→ **Task brief**
Skip the pictures. Output only the lines below starting at the line with "T-shirt anti-UV orange" and ending at the line with "成都—深圳西(节后)K428", both ends included, exactly as they are.

→ **Source information**
>>>

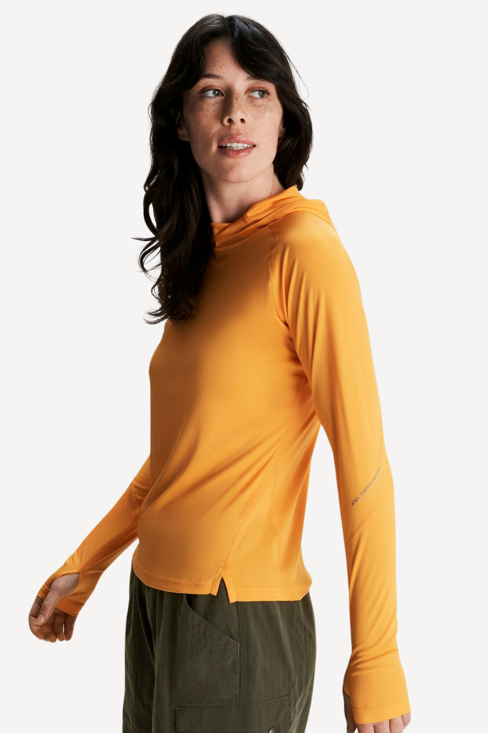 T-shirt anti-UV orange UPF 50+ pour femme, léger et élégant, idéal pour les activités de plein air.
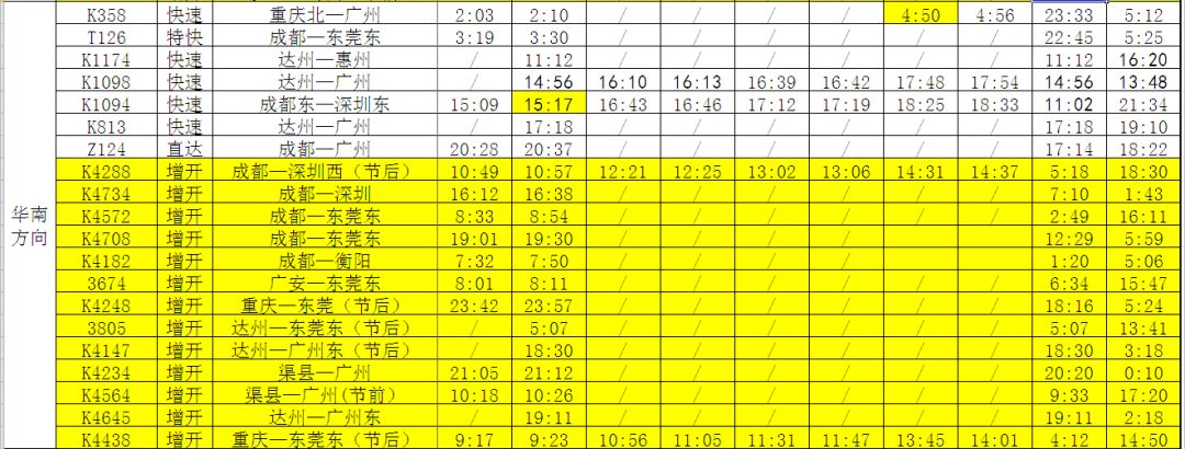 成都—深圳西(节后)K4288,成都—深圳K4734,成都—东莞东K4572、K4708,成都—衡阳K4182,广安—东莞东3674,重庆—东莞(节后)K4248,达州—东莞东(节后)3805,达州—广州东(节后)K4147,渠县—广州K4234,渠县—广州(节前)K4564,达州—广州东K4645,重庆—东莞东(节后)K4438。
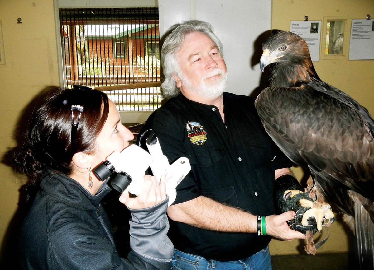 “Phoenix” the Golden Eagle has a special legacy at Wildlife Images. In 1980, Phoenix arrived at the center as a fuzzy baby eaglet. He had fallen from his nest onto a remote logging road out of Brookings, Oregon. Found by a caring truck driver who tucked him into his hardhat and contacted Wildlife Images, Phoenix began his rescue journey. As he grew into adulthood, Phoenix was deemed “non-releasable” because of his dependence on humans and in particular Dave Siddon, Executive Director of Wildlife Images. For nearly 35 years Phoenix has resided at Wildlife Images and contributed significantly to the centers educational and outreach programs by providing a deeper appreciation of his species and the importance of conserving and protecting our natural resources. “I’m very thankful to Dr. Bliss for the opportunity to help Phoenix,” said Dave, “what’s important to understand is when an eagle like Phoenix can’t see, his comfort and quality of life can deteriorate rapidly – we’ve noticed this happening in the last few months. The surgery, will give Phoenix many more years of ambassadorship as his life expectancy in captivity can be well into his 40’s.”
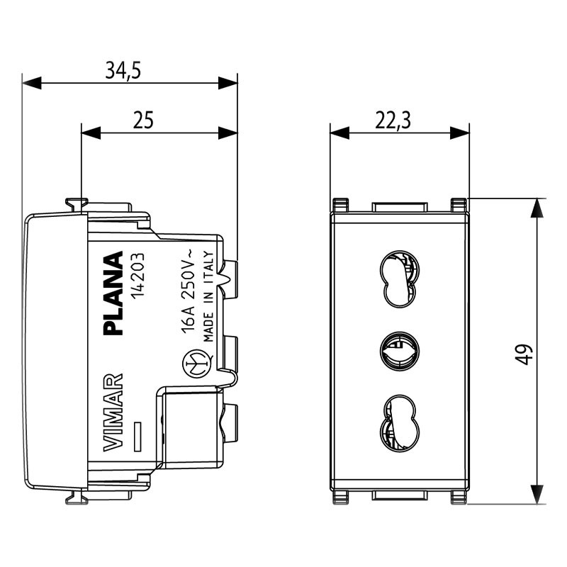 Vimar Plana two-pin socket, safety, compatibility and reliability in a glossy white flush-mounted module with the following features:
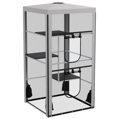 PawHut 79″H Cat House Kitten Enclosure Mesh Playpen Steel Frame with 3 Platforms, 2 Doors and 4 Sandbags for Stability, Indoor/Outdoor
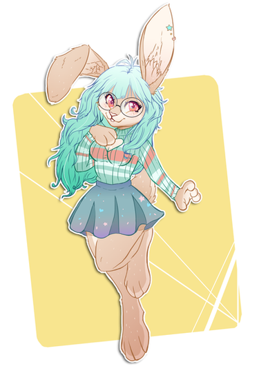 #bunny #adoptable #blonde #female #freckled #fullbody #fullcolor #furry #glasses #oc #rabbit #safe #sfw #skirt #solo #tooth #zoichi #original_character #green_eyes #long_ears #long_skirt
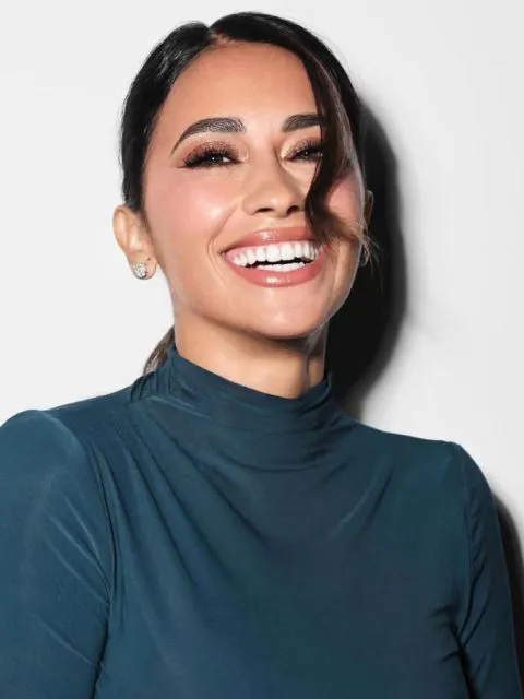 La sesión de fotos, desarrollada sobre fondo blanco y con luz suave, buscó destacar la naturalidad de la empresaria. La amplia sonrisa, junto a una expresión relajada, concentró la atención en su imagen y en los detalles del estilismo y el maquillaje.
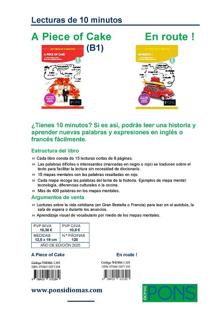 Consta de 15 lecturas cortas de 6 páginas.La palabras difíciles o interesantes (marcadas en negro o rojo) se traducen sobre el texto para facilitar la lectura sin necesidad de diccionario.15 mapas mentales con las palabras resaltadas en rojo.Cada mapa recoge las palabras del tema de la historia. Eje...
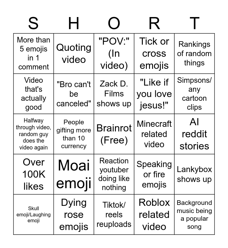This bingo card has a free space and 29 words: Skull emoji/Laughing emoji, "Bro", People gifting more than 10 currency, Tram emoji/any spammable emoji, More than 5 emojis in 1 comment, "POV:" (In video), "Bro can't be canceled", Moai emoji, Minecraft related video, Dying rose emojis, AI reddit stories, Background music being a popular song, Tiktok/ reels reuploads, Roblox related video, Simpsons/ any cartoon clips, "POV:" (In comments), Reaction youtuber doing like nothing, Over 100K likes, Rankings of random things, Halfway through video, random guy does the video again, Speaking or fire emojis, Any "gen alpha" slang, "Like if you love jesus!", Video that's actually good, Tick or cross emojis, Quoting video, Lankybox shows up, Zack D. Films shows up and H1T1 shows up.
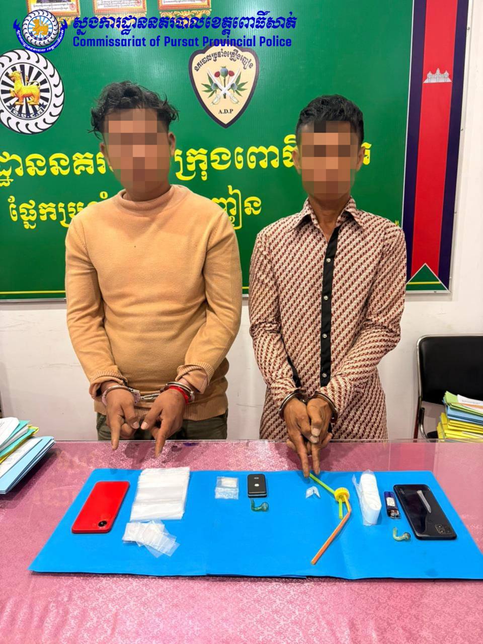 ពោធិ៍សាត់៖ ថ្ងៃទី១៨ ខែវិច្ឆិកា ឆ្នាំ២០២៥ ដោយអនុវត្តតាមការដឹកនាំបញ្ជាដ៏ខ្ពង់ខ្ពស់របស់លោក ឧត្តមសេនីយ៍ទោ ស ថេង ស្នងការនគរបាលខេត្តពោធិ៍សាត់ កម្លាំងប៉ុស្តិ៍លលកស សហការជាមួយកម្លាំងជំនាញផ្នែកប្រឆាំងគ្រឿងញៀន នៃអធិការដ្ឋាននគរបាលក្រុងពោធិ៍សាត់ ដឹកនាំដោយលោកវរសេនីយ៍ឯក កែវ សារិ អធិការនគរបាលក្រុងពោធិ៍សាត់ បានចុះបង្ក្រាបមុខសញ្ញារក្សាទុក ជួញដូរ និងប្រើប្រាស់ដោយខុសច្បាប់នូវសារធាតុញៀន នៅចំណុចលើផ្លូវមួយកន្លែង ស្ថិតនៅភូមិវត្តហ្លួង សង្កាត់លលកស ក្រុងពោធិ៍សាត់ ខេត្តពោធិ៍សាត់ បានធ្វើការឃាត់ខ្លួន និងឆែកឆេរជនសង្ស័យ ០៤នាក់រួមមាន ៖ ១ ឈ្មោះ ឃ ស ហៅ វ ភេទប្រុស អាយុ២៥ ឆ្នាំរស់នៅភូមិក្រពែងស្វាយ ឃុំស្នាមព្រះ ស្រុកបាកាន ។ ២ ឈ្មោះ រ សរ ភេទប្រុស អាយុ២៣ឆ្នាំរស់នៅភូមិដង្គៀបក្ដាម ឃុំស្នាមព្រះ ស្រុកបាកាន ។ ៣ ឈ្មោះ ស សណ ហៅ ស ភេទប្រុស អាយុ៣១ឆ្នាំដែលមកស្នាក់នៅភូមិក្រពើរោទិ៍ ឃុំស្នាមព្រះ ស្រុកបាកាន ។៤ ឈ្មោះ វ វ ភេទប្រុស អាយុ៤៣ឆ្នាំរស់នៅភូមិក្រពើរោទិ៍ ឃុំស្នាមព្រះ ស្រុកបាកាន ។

<<<
>>>

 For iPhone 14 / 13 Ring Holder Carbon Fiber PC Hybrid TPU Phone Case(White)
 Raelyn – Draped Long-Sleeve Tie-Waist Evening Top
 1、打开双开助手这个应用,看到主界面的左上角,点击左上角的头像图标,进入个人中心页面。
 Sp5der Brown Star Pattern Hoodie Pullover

<<<
>>>

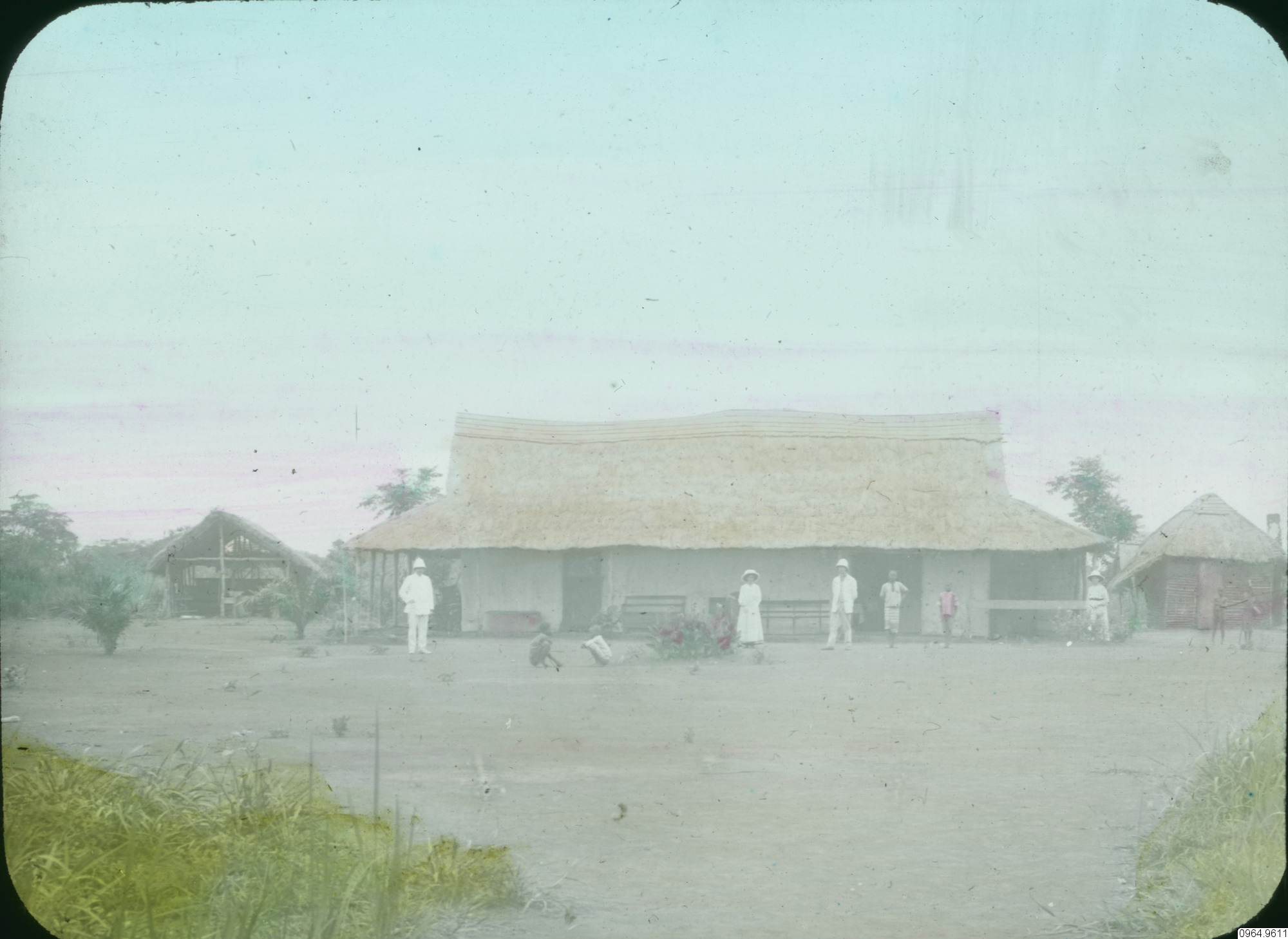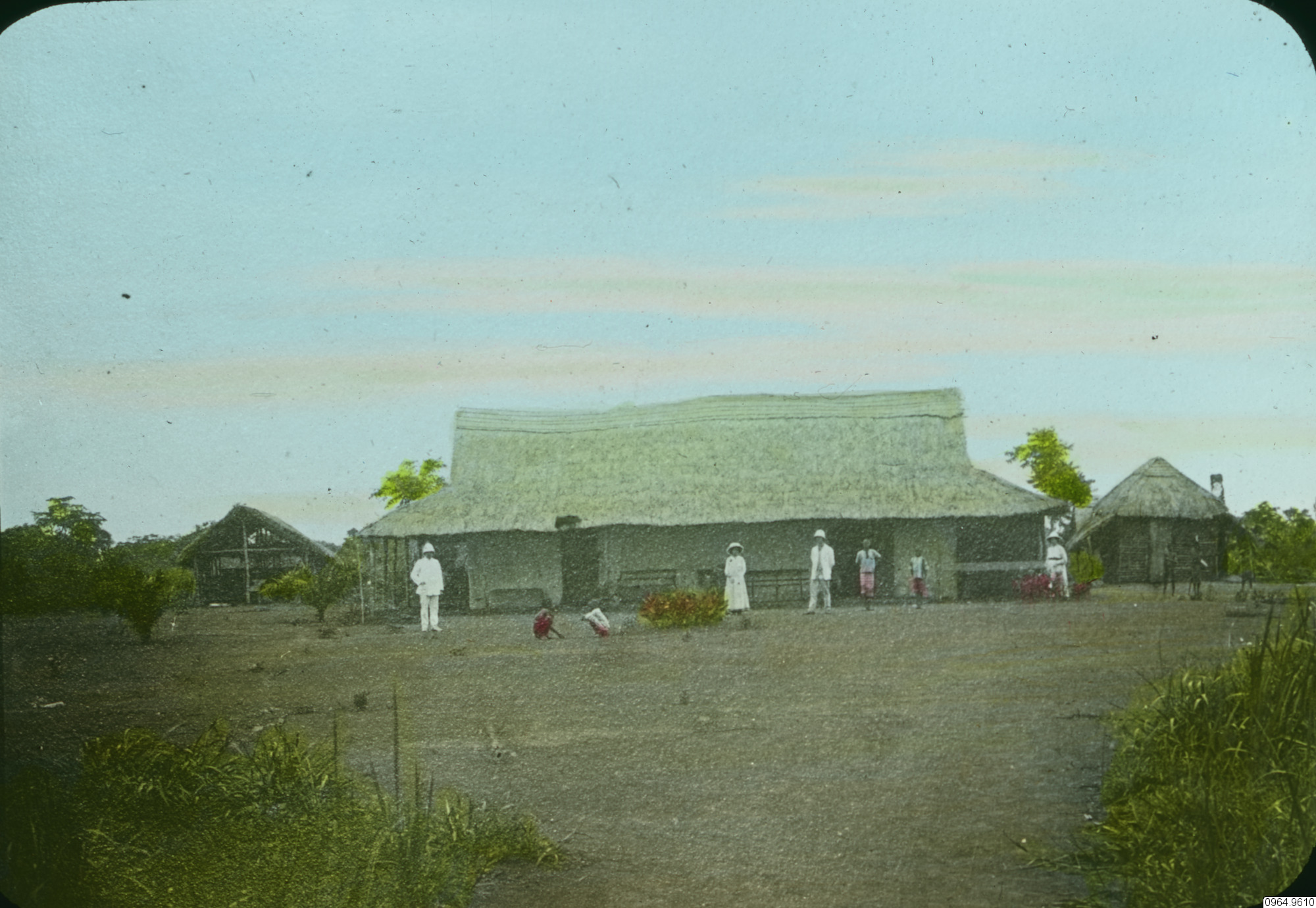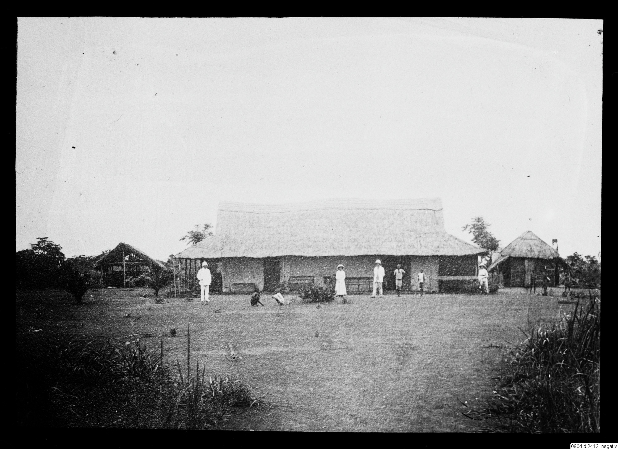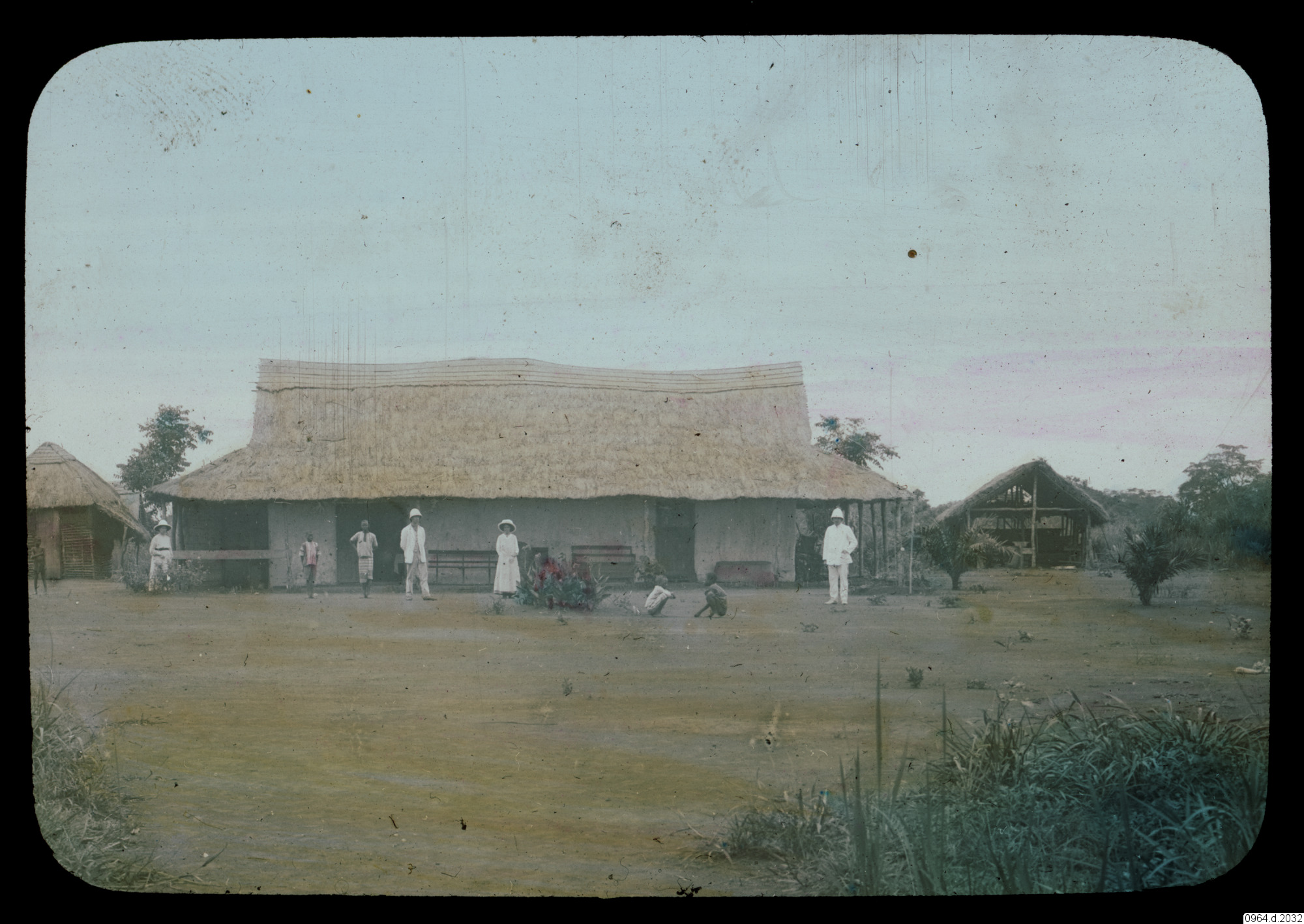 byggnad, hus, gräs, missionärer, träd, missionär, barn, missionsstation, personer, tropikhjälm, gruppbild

<<<

→ **Answer to this problem**
 T-shirt anti-UV orange UPF 50+ pour femme, léger et élégant, idéal pour les activités de plein air.
 成都—深圳西(节后)K4288,成都—深圳K4734,成都—东莞东K4572、K4708,成都—衡阳K4182,广安—东莞东3674,重庆—东莞(节后)K4248,达州—东莞东(节后)3805,达州—广州东(节后)K4147,渠县—广州K4234,渠县—广州(节前)K4564,达州—广州东K4645,重庆—东莞东(节后)K4438。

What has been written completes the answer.